You may want to read this...something I put together last winter when my local hauls were taking me farther away from home than I was accustomed to, across state lines, when I normally run within 100 miles from home...the worries put my brain-waves on high alert, and this was the product of my bug-home planning (get comfy...long read):

http://www.preparedsociety.com/foru...strategy-rural-commuting-transportation-9606/

Good luck to both of you, and stay safe!


----------



## ZoomZoom (Dec 18, 2009)

forluvofsmoke said:


> -small RX bottle full of fine steel wool (also use to polish knife blades, etc);
> -rechargeable NMHi & alkaline AA & AAA batteries for steel wool (& lights);


You can light steel wool using AA or AAA batteries? At 1.5v, I didn't think that worked. I always thought 9v batteries.


----------



## forluvofsmoke (Jan 27, 2012)

ZoomZoom said:


> You can light steel wool using AA or AAA batteries? At 1.5v, I didn't think that worked. I always thought 9v batteries.

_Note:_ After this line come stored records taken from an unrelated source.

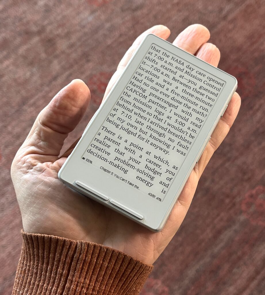 That’s the Xteink X4 which does nothing but act as an e-reader, and a very stripped down one, at that. No light, no touchscreen, and only $70. It’s smaller than my mini iPhone – and much smaller than a Boox Palma – so it will fit in any shirt pocket and certainly in any jacket pocket. For the last few weeks I’ve been trying out both the Xteink X4 and the OBook 5. They each have their advantages and disadvantages, but what they’ve got in common is that they both have demonstrated to me that I really enjoy having a second reader of this size.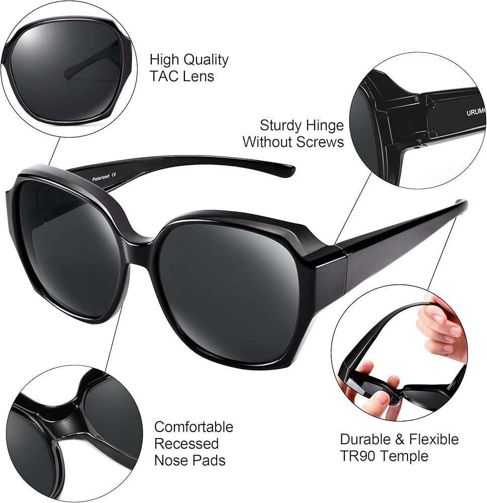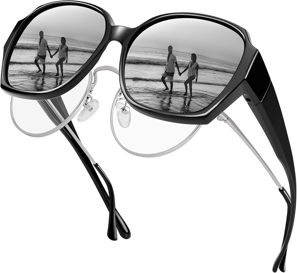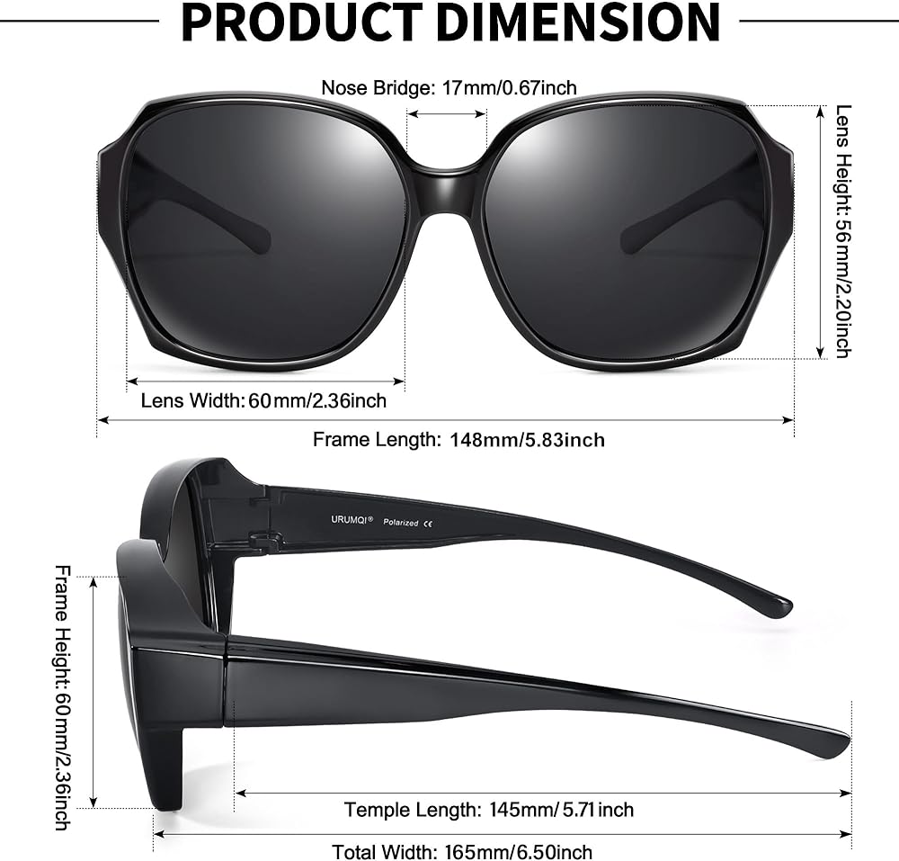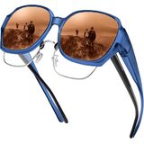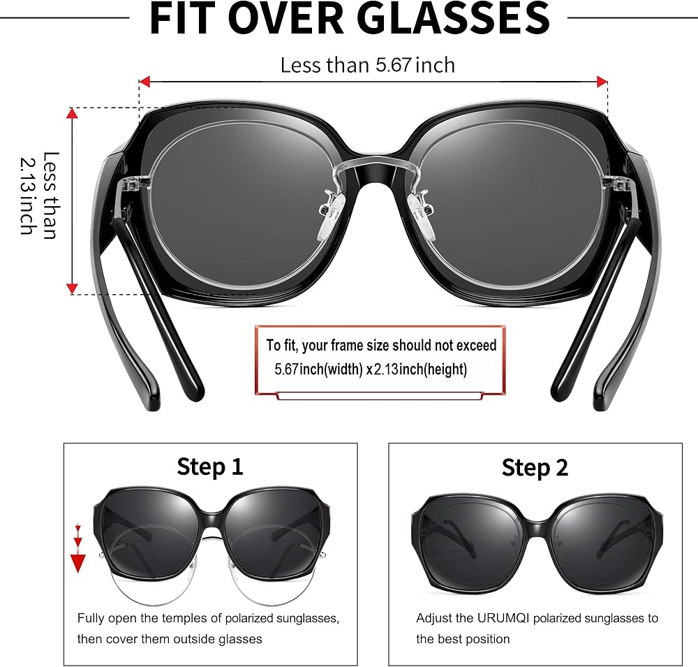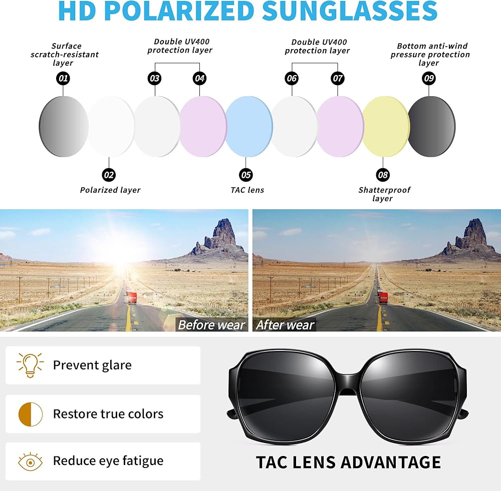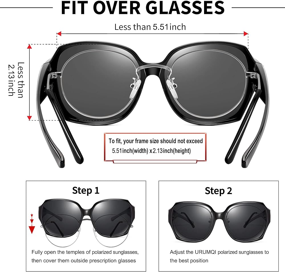 نظارات شمسية تناسب النظارات الطبية: تم تصميم هذه النظارات الشمسية المستقطبة خصيصًا لأولئك الذين يرتدون نظارات طبية، والإطار الكبير والأذرع العريضة يمكنها تغليف نظارات الوصفات الطبية الموجودة لديك بشكل جيد، ويمكن للأشخاص الذين يرتدون العدسات اللاصقة أو ذوي الرؤية العادية أيضًا ارتدائها بمفردهم.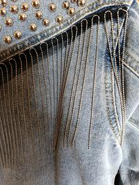 Vendo Giubbino donna jeans con borchie e frange, per inutilizzo, come nuovo messo qualche volta. TG S/M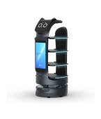 Робот оснащен интерактивным дисплеем, который позволяет ему общаться с клиентами, отображая различные эмоции и настраиваемые голосовые сообщения. Это создает дружелюбную атмосферу и улучшает взаимодействие с гостями.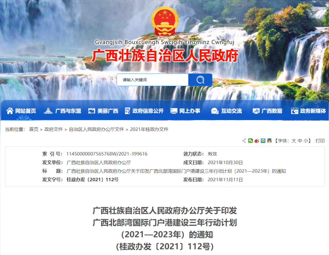 2021年10月30日,广西壮族自治区人民政府办公厅印发的《广西北部湾国际门户港建设三年行动计划(2021—2023年)》的通知中明确提出了“建设大宗物资中转交易中心和冷链物流集散基地”的工作内容,其中涉及到:提升大宗商品服务能力,打造冷链物流集散基地等具体工作部署,以及明确南宁、北海、钦州、防城港等市政府以及对应部门推进相关工作。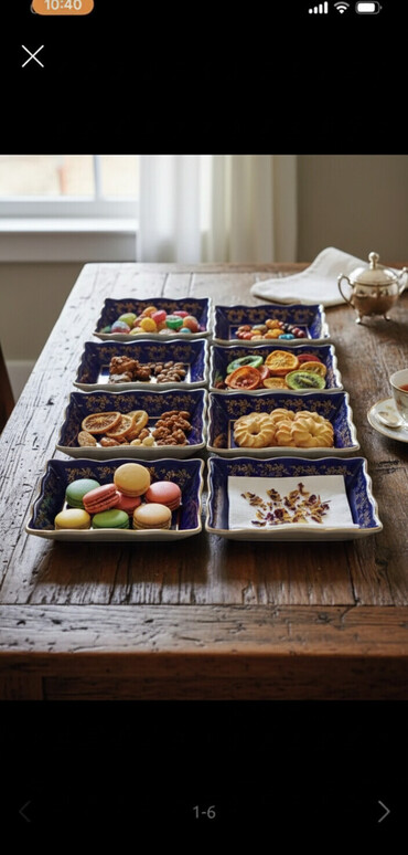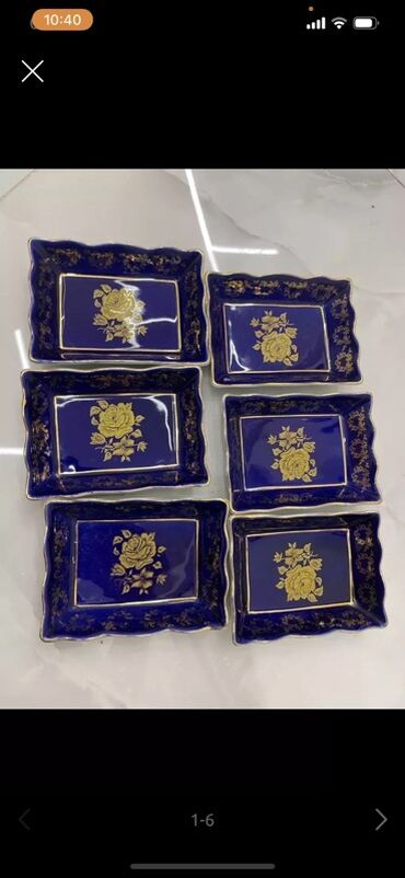 Məhsul: Kobalt mavi rəngdə, qızılı naxışlı 6 ədəd düzbucaqlı porselen boşqab dəsti.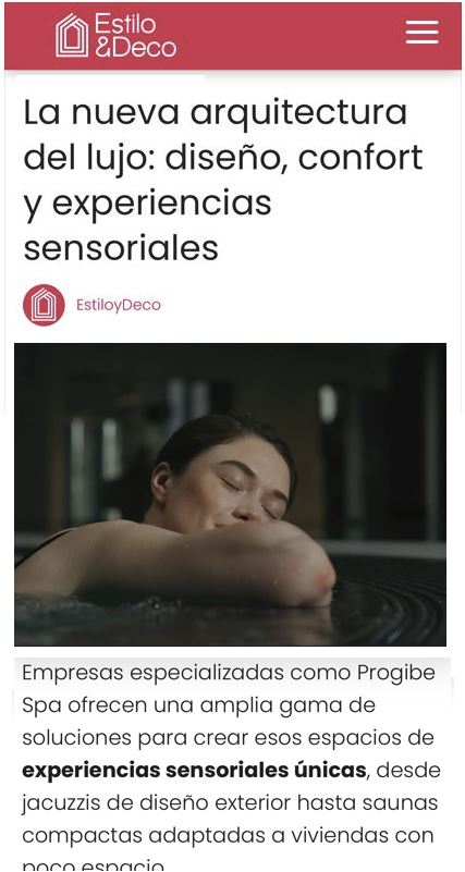 En Progibe Spa diseñamos y desarrollamos soluciones de bienestar que transforman los espacios en auténticos lugares de desconexión, salud y disfrute. Nuestra especialización en spas, jacuzzis, swim spas, saunas y zonas wellness a medida, tanto para uso residencial como profesional, ha despertado el interés de medios especializados en bienestar, arquitectura, diseño, lifestyle y lujo, que han querido poner el foco en nuestra manera de entender el bienestar a través del agua y la experiencia sensorial.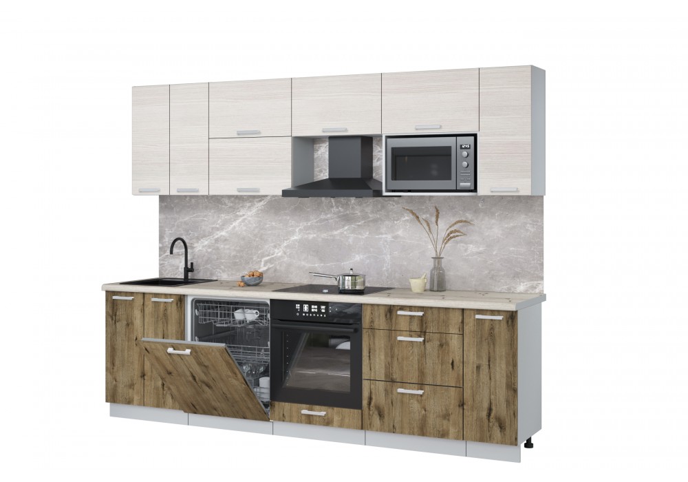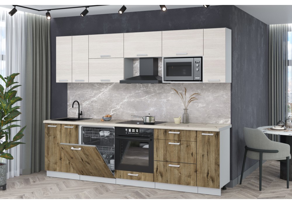 Кухонный гарнитур Мила Лайт 2,7-ПМ2 (Вудлайн кремовый/Дуб веллингтон/Сосна бискайская) фабрика Интерлиния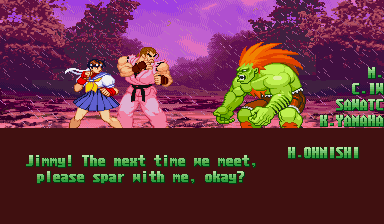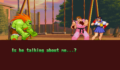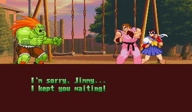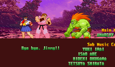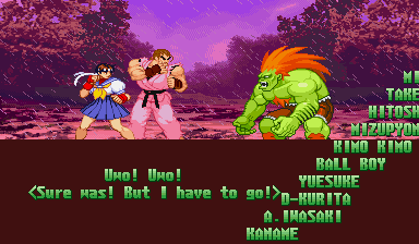 | Home | Tweet| - Good Endings - | Bad Ending | | Ryu | Ken | Charlie | Chun Li | Guy | Cody | - Blanka - | Dhalsim | E.Honda | Gen | Karin | R.Mika | Rolento | Rose | | Sakura | Sodom | Zangief | Dan | Cammy | Birdie | Adon | Vega | Sagat | Akuma | M.Bison |
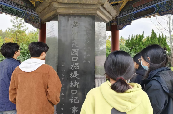 随后,大家怀着沉重的心情,来到了黄河花园口风景区一九三八年扒口处和花园口记事广场。这是花园口历史的再现,也是中华民族苦难史的写实。同学们在这里驻足凝视,心中感慨万千,反思历史的教训。

Yeah, even cell phone batteries, which can be rated as low as 3.3 volts, will work. How much current the battery can deliver is half of the solution...having sufficient voltage to force the current potentail is the other half. You may need to connect 2 AA or AAA in series for a nominal of 3 volts to get enough current to pass through the steel wool. Size of the steel wool's "grit" matters also...finer strands need less current to get hot...same goes for stranded wire.


----------